2. Narrow or Wide chassis may be used, but no open-wheel bodies are allowed.
3. Body may not be cut or modified except for paint and/or decals.
4. All electrical parts must be stock or similar copper parts, ski shoes may be used.
5. Only stock wheels and gears are allowed. Slip-on silicone rear tires may be used._


----------



## Slott V (Feb 3, 2005)

Morning Gene-
I'm sitting here finishing my coffee trying to figure out what it is you're referring to...?

- the stronger magnets on earlier X2's?


----------



## SwamperGene (Dec 1, 2003)

Hey Scott :wave: 
Maybe you need more coffee. :freak:

You brought this up way back on another board, I'll give it a bit before I spill the answer to this.....uhmmm....cliffhanger.


----------



## tjettim (Nov 29, 2005)

I have seen Japanese Tyco lambos with rare earth magnets.
Easy to spot though.I get my best magnets out of Turbo trains.


----------



## AfxToo (Aug 29, 2003)

I think there were some Japanese issue X2s with samarium cobalt traction magnets. I was at the Richfield show a few years back and some guy from CA had a new, still in the package import F1 car with these magnets. A friend of mine bought the car without blinking an eye while I was looking at the other stuff on the table. He was after the body but when he saw the magnets the asking price (30 bucks if I recall) suddenly seemed like a bargain.


----------



## SwamperGene (Dec 1, 2003)

I've heard of but never saw the cobalts. Actually, the chassis this guy is using is an earlier Cliffhanger, which are rumored to have stonger traction mags. Seeing how this particular car handles, and the lap times he gets with it, I don't doubt it for a minute. Again, him and I are very close in just about every other class of car, more often than not side by side in finishing order. But with this particular Tyco chassis he is untouchable, it might as well be a race from second to last.


----------



## SuperFist (Aug 7, 2005)

This is the Tyco 440X2 I race on the oval, but it's kinda trashy compared to a BSRT G3.
It's a Tyco wide body on a pan chassis so it can absorb a lot of impact.

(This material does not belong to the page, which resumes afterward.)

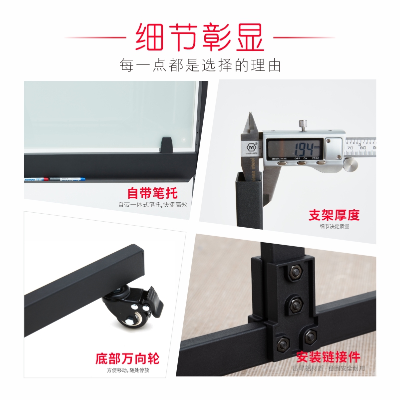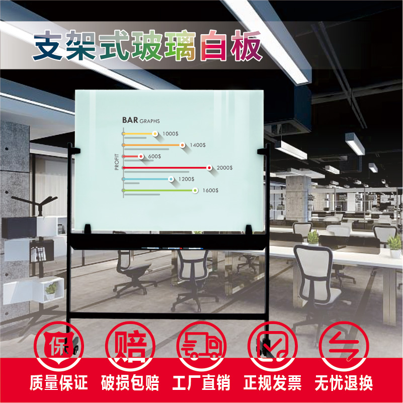 Qifu magnetic tempered glass whiteboard Mobile bracket home office teaching training conference Wall sticker Magnetic day class writing board Rewritable Kanban board Hanging vertical dual-use glass blackboard

It's a real crash car. :freak:

*Wizzard stock Patriot armature.
Tyco stock motor magnets.
Tyco stock brushes, barrels.
Wizzard .006 silver brush springs.
Tyco stock pick up shoes.
Wizzard double pickup shoe springs.
Brass bushing bulkheads.
BSRT reversed zapped ceramic traction magnets.
BSRT 8 tooth poly pinion.
BSRT 22 tooth poly crown gear.
Quicker .270 double flange hubs with SuperTires.
BSRT G3 front wheel set.
BSRT pro guide pin.*


----------



## tjettim (Nov 29, 2005)

The Tyco car offers so many options for aftermarket parts and
different bodies.It's a shame not to be racing them.Bring back
the Tyco!


----------



## Grandcheapskate (Jan 5, 2006)

tjettim said:


> The Tyco car offers so many options for aftermarket parts and different bodies.It's a shame not to be racing them.Bring back the Tyco!


 Why do you think they are gone? There are still plenty of NOS Tyco chassis and cars available. Throw in the available Mattel 440x2 chassis and there is still quite a bit of stock available - as far as I know.

Joe


----------



## tjettim (Nov 29, 2005)

Tyco's are not being raced in my area or at the nationals.
I would like to see them make a comeback.HOPRA was
working on a spec class at one time,they would work well
in that environment.


----------



## Slotcarjames (Apr 3, 2008)

At Monaco Grand Prix in Eden, NC we just got done with running a 8 race season with 440X2 Wide Pan Nascar. Box stock with only super tires allowed.

I really like the X2. It is a very easy running car. I would love to see the car stay around. 

Not that it needs anything, but if it got motor and traction magnet upgrades and new up to date bodies it would be as good as Tomy in my book.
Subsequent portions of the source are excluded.